On the single-tenant side, The Easton Group paid $17M for a 45K SF warehouse in Medley in a deal that closed Dec. 20. The seller was the snack company Frito-Lay, a subsidiary of PepsiCo, which will be relocating to 131K SF at Bridge Point Doral in what was the largest new lease of Q3.
Doral-based Easton was one of several bidders on the property, said Dalton Easton, an associate at the firm’s brokerage arm, Easton & Associates, who arranged the sale. Easton secured $9M in financing for the deal from Grove Bank and Trust in just three weeks, despite not having a new tenant in place and what Easton described as a challenging lending environment.
“Miami's bread and butter tenant size is 50K SF and lower,” Easton said. “You're seeing more normalized demand, you're not seeing 15 or 20 users looking for half a million SF, you're looking at the usual 50K SF and smaller.”
The deals followed a 25-building transaction earlier in the month in which Longpoint Partners paid $260M to acquire a 1.4M SF portfolio from Pennsylvania-based Seagis Property Group, Commercial Observer reported.
After acquiring the portfolio, which spans Miami-Dade and Broward Counties and is 97% leased to 77 tenants, the Boston-based private equity firm secured a $94M construction loan covering nine of the properties, South Florida Business Journal reported. The loan came from Athene Annuity and Life Co., a subsidiary of Apollo Global Management.
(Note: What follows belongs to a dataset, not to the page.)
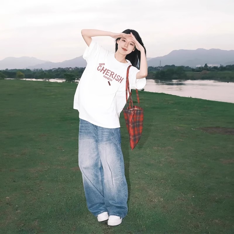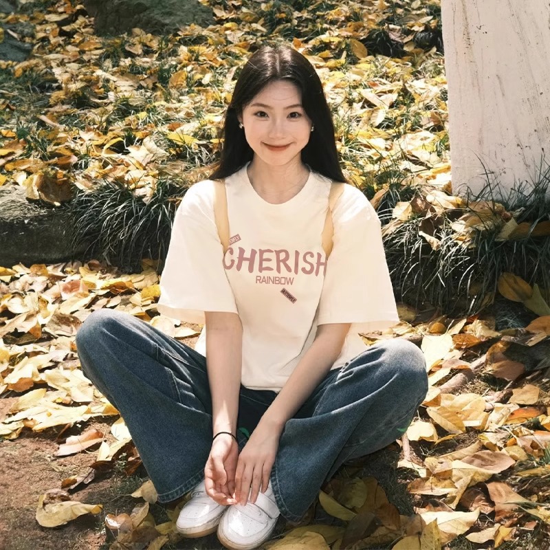 여성용 흰색 반팔 티셔츠 2026년 신상 순면 반팔 루즈핏 여름 베이스 레이어 이너웨어 유니크 디자인 탑스토어 가기

The performance of the industrial sector in Broward County in 2023 mirrored, and in some respects outperformed, its neighbor to the south.
The county saw 2.8M SF of leasing activity through the year, a 43% dip from 2022 levels, according to Cushman & Wakefield’s preliminary data. But a significantly smaller number of deliveries, which totaled 693K SF with 618K SF currently under construction, helped push vacancy down half a percentage point year-over-year to 2.7%.
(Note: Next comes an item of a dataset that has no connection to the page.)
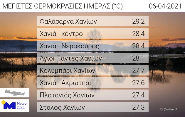 Η υψηλότερη θερμοκρασία σημειώθηκε το πρωί στα Φαλάσαρνα Χανίων, όπου έφθασε τους 29,2 βαθμούς Κελσίου. Ακολούθησαν το κέντρο της πόλης και ο Νεροκούρος Χανίων(από 28,4), οι Άγιοι Πάντες Χανίων (28,1), το Κολυμπάρι (27,6) και το Ακρωτήρι Χανίων (27,6).

The tight market helped Broward County maintain double-digit annual rent growth, with average rents rising 12.1% year-over-year to $15.37 per SF. But the pace of rate increases is expected to slow in 2024 as the market returns to a level of leasing activity more in line with pre-pandemic levels, Thomson said.
“If you look at the rental rates in comparison to where they were in 2019, there has been such a run-up that I think we're just going to really see them go back to a natural 4% increase going forward,” he said. “When you talk to people that are looking at projects to purchase, they're not budgeting 10% to 20% rental increases.”
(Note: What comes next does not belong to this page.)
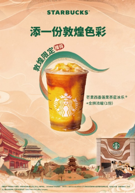 此外,敦煌主题店也将在十一期间限时推出敦煌限定客制化饮品,为假期增添一份敦煌色彩——在芒果西番莲果茶星冰乐中,注入的金烘浓缩咖啡缓缓流下,就像鸣沙山的沙坡,呼应了大漠黄昏的浓郁色调。从视觉上感受“入梦敦煌”,将文化共鸣延伸至味蕾,将敦煌的灿烂美景与咖啡香在此融合,与千年文明共舞,让人一杯入梦敦煌。

The dynamics are fueling some speculative development, with Rockpoint paying $180M in November for an 88-acre development site in Pompano Beach. The Boston-based private equity firm is planning to build around 1.5M SF of industrial space at the site, with the first phase slated to break ground in May.
“We are excited about this opportunity given the attractiveness of our basis combined with significant rent growth that Broward County is experiencing,” Tom Gilbane, managing member at Rockpoint, said in a statement following the acquisition.
The burst of activity in Q4 is likely to carry into this year, industrial brokers said, with any interest rate cuts at the Federal Reserve unlocking capital for acquisitions in the supply-constrained South Florida markets, which CoStar predicts will be among the top U.S. regions for rent growth over the next four years.
“If the Fed starts cutting rates, the cost of capital will follow and it'll create a surge of activity,” Easton said. “From an acquisition standpoint, across the board, there has been capital on the sidelines waiting to be deployed down here for a long time.”